Toben graduated with honours at M.I.N.D., High School, in 2011 where he won the Award for the Best Integrative Project.

In 2012, while at Dawson College, The Visual Arts Centre and St. John Bosco School commissioned him to paint a mural on the full back wall of the school. He garnered permission from Warner Bros. to include Looney Tunes in the mural.

In 2011, the Centre for Literacy and the Montreal Children’s Hospital commissioned him to make a sign out of Lego for their new “Coin de lecture/Reading Center,” a waiting room for sick children in the lobby of the hospital.

While still in high school, The Montreal Gazette published his memorial poem “Cans Rattling in the Night,” in the special year’s end edition “Look Back at 2010.

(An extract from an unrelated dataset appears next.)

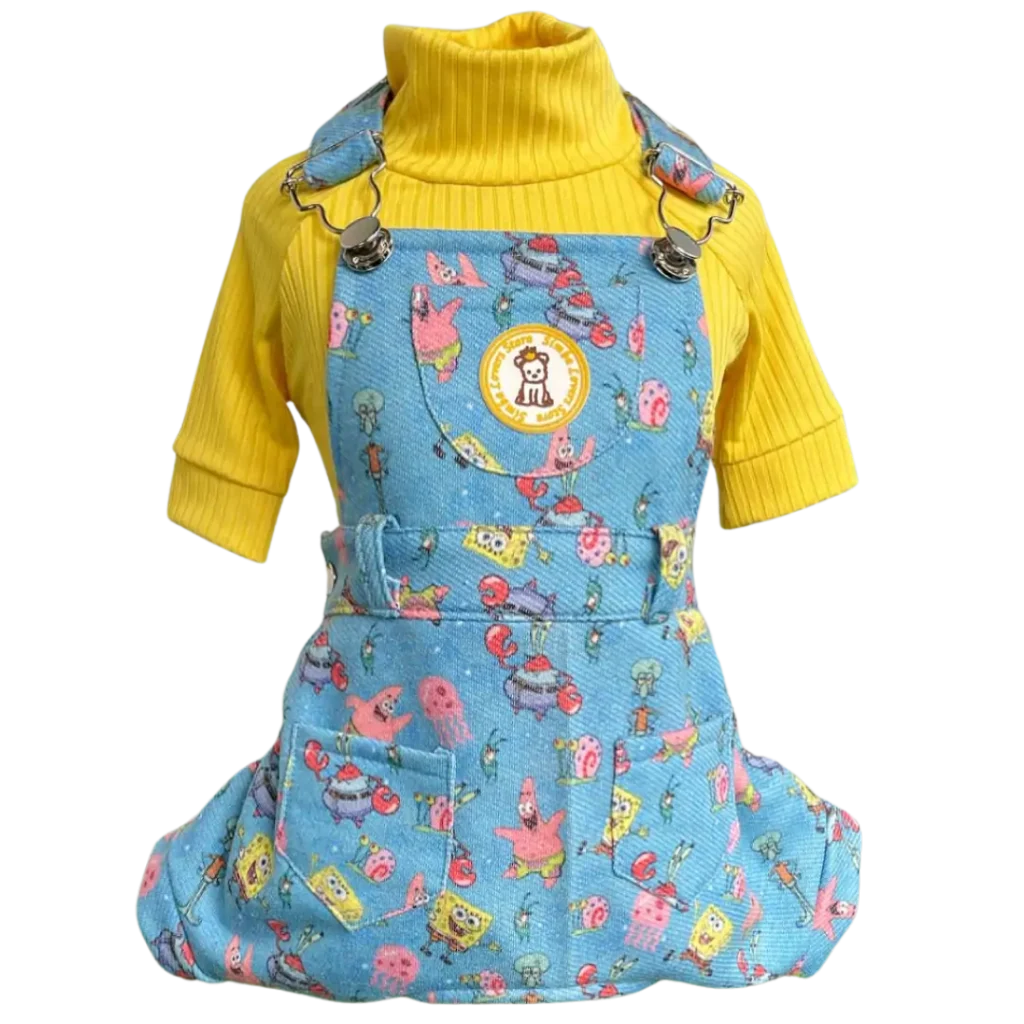 Jardineira Moletom Bob Esponja Azul Masc (SEM CAMISETA)

From 2003 to 2010, while in elementary school, Toben created topographically accurate LEGO triptychs of the Mountain: Lac aux castors, The Lookout, and Parc and Jeanne Mance. The triptych has been on display in the Grand Chalet on top of Mount Royal. It was also shown twice at the Smith House, several schools, and the Montreal Children’s Hospital. He was a featured interviewee on CBC Radio “Daybreak” to talk about the first of the models, Beaver Lake, as well as a feature article in the Montreal Mirror. He was invited by Les Amis de la montagne to present the Beaver Lake model to a group of professionals at the colloquium Le Mont Royal, un site recherché.

While in elementary school, Toben was the youngest “cinematographer” accredited at the Festival des films du monde for his camerawork he did of his school, which were used n the documentary Unbreakable Minds. He also named the film.

The same year, at the age of twelve, he created a moving graphic novel, The Aftermath based on his grandfather's experiences in the concentration camps.

Toben has volunteered at the Friendship Circle to play with children with special needs. He is an accomplished hockey player, and winner of the Montreal City Championship (Bantam A). He is well traveled, loves diversity, as well as film, drawing, photography, visual arts, calligraphy, writing and recording music and rapping.